Guidance for Raymond Card. Burke On Amoris Laetitia

 

Pope Francis Greets Raymond Card Burke

Pope Francis greets Raymond Card. Burke with a gesture of authority.

Raymond Card. Burke is very anxious about Pope Francis and Amoris Laetitia (AL).  Is it possible that by saying there is much confusion amongst pastors regarding the Pope’s writings about the “irregular situations” and reception of Holy Communion for the divorced and illicitly remarried that he is really projecting his own confusion and reservations about he Pope’s intentions onto them?

 

In speaking about Amoris Laetitia (AL), he skips over this qualification which Pope St. John Paul made very clear in Familiaris Consortio #84, before reminding all of the Church’s long tradition of not admitting the divorced and invalidly remarried to Holy Communion:

“Pastors must know that for the sake of truth they are obliged to exercise careful discernment of situations. There is, in fact, a difference between those who have sincerely tried to save their first marriage and have been unjustly abandoned and those who, through their own grave fault, have destroyed a canonically valid marriage…”

Pope Francis now writes in AL about the reality that there are cases requiring discernment where a deep spiritual understanding of both justice and mercy is required, and which the rigorist, controlling personality may be unwilling to accept: the type of the “unjustly abandoned.”

St. John Paul already allowed the divorced and remarried (in cases when best for the children) to Holy Communion when they agree to live as brother and sister. So, the Church admits that there can be cases of adultery (defined as being divorced and invalidly remarried) which are not strong enough to be considered mortal sin and inadmissible to Holy Communion – in this case, living as a civilly-married couple but not engaging in conjugal relations.

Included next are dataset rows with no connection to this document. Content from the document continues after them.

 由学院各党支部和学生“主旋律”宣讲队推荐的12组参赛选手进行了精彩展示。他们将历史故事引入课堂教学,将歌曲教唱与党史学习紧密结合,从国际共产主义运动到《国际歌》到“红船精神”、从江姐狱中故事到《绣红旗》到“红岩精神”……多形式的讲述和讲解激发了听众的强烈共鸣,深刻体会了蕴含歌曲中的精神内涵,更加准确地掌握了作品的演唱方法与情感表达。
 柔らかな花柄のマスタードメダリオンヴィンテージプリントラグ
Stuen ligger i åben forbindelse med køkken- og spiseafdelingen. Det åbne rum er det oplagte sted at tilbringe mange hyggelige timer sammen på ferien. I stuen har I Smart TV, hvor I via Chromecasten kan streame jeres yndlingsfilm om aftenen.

So now, Pope Francis takes us further along into discernment to find those who have been egregiously abandoned but who, for the good of the children, engage in activities available to them to safeguard the children. This is the case where the husband runs off abandoning his family, remarries a wealthy woman for the allure of her money, and has another family with this wealthy woman, leaving his valid wife and three children alone on a farm deep in the Amazon, without access to priests, where such husbandless families are vulnerable to evil. A good, non-Catholic man comes along, and having love and compassion for her and her family, and desiring children with her in addition to her own and being a man of great virtue, marries her and protects the family. Is this adultery? I might consider that it could even be a lesser grade of adultery than that which still exists in the divorced and invalidly remarried who are living as brother and sister as a civilly-married couple, in a safe and modern urban city with access to many priests and services, for the sake of the children, but who are no longer having conjugal relations.

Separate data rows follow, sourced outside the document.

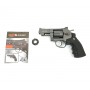 Пневматический револьвер Gamo PR-725 – это изделие из серии цельнометаллических модификаций от популярного бренда, созданное на базе знаменитого Smith & Wesson. Револьвер отличается укороченной длиной ствола и компактностью. Барабан, откидывающийся влево, вмещает 8 пневматических пуль калибра 4,5 мм. УСМ Gamo PR-725 двойного действия, стрельба ведется в полуавтоматическом режиме. Показатель начальной скорости выстрела – 100 м/с.
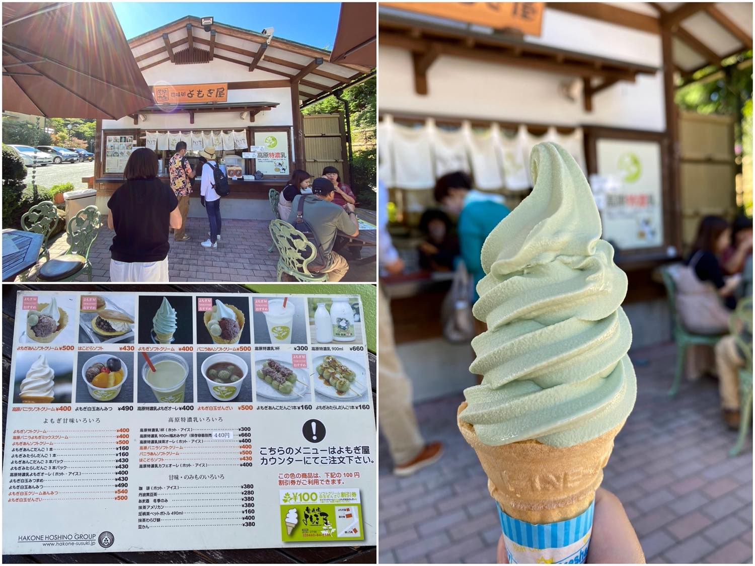 銀の穂の会計時にいただいた割引券で、すぐ前にある甘味処「よもぎ屋」でよもぎソフトをいただきました。他にも高原特濃乳を使った高原バニラソフトやカフェオレ、よもぎ団子や白玉あんみつなどの甘味メニューがあります。食後のちょっとしたデザートにGOODです。
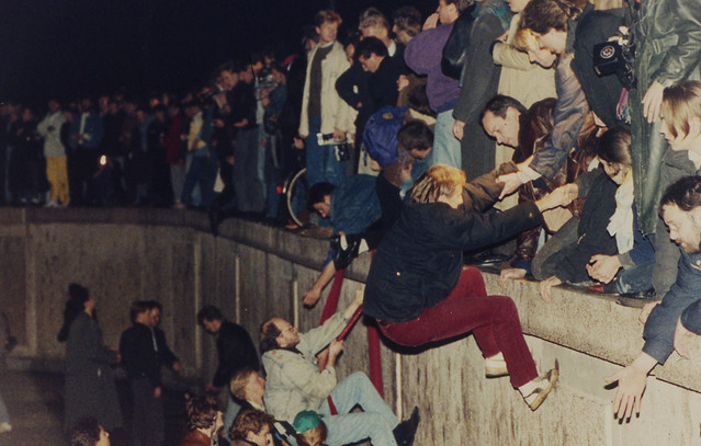 1989Πέφτει το Τείχος του Βερολίνου μετά από 28 χρόνια. Η Λαϊκή Δημοκρατία της Γερμανίας ανοίγει τα σύνορά της προς τη Δύση. Κάτοικοι της πόλης αρχίζουν την κατεδάφιση του Τείχους. Εκατοντάδες χιλιάδες Ανατολικογερμανοί ξεχύνονται στη Δυτική Γερμανία.
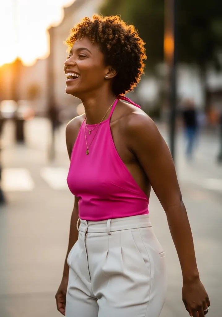 I love halter tops in bold pink because they feel flirty but still polished. This look feels effortless and modern. It is perfect for standing out without feeling overdressed.
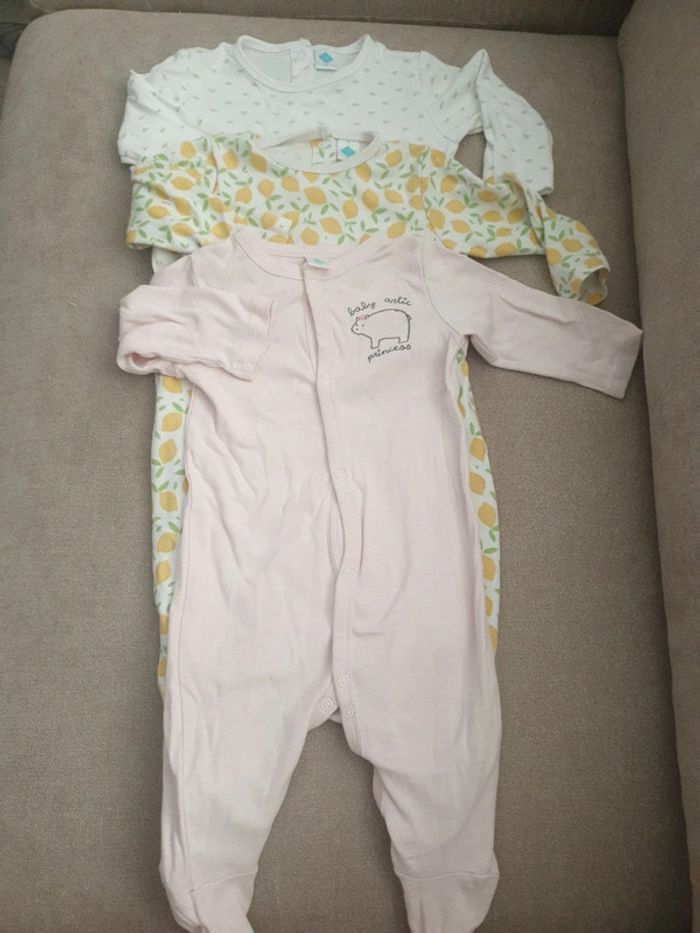 Lot de 3 pyjama tex 9 mois. Le pyjama citron a des "reflets rosés à l'arrière " (voir photo)
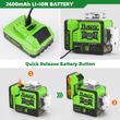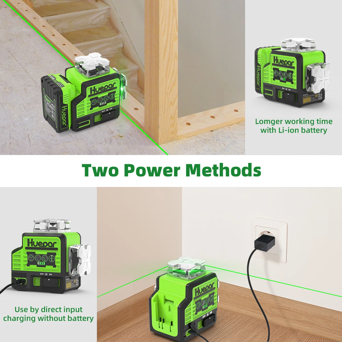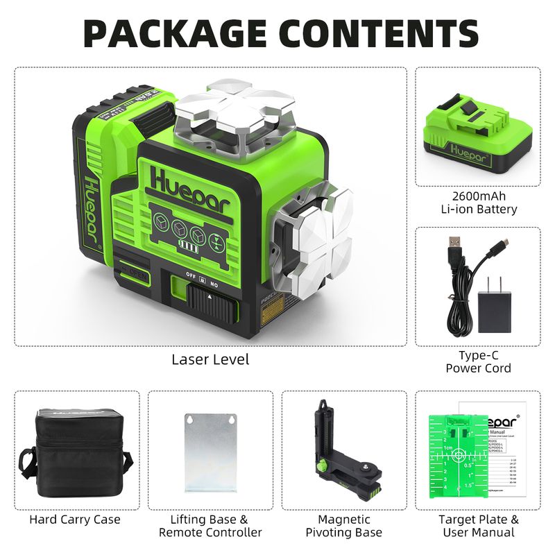 LARGE CAPACITY LI-ION BATTERY&TYPE-C PORT: Huepar P02CG Laser Level adopted 10.8V / 2600mAh Li-ion battery and provides 10 hours running time.The Li-ion Battery can be charged separately and can be quickly released and installed for rasy use. The four power indicator on the machine allow users to know the charging status. The Li-ion battery pack With Type-C charging port, the laser level can also be charged by phone, laptop, power bank, car charger, etc.
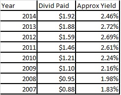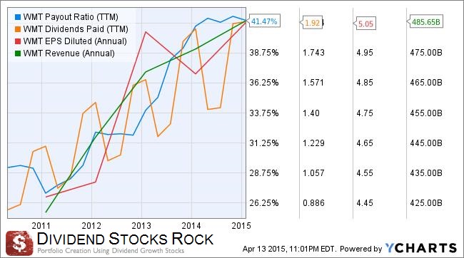 I like to use this chart to see how reliable the company’s dividend will be in the future. Since we are talking about a dividend aristocrat (over 25 consecutive years of dividend increase), I’m not too worried about WMT ability to increase its dividend. Plus, the dividend yield has become more interesting since the 2008 crash:
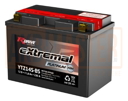 Мото аккумулятор RDRIVE eXtremal Platinum 8,6Ач L+ ССА 170А 151х87х94 YTZ10S-BS

And so, I think Raymond Card. Burke is missing out on understanding scenarios like this one.  Where the Blessed Sacrament helps the civilly-married, non-conjugating couple keep from falling into mortal sin for love of Jesus, the same could help the abandoned wife and mother, who is called in her heart to metanoia, strive for perfection and obtain a non-conjugal agreement later when her children are older.  This process might speed along if by her attachment to Jesus in the Blessed Sacrament, who never abandoned her, she also converts her husband to the Faith, and he then desires to become obedient.

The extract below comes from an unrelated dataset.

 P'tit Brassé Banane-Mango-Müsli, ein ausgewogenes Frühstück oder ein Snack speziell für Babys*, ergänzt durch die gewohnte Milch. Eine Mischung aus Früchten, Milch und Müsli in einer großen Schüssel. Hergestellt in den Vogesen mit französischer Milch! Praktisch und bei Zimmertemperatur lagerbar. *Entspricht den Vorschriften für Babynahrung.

Just like violating the commandment not to kill can have cases where killing is not a mortal sin [self defense, “just cause” military action], there might be be cases, IMHO, where what the Church defines as adultery may not necessarily be mortal sin. Yes, it is adultery, but is it venial instead of mortal if the intention of the second marriage was the securing of a bond required for the defense or protection of her children? This requires Magisterial discernment.

This, I believe, is Pope Francis’ rendering of the wishes of the Holy Spirit in Amoris Laetitia .  Not that the divorced and remarried may be admitted, as a new rule, to Holy Communion.  No!  But that the abandoned may not also be abandoned by the Church and by Jesus in the Blessed Sacrament when she, in her abandonment, dire fear and defense of her children,  needed Him the most.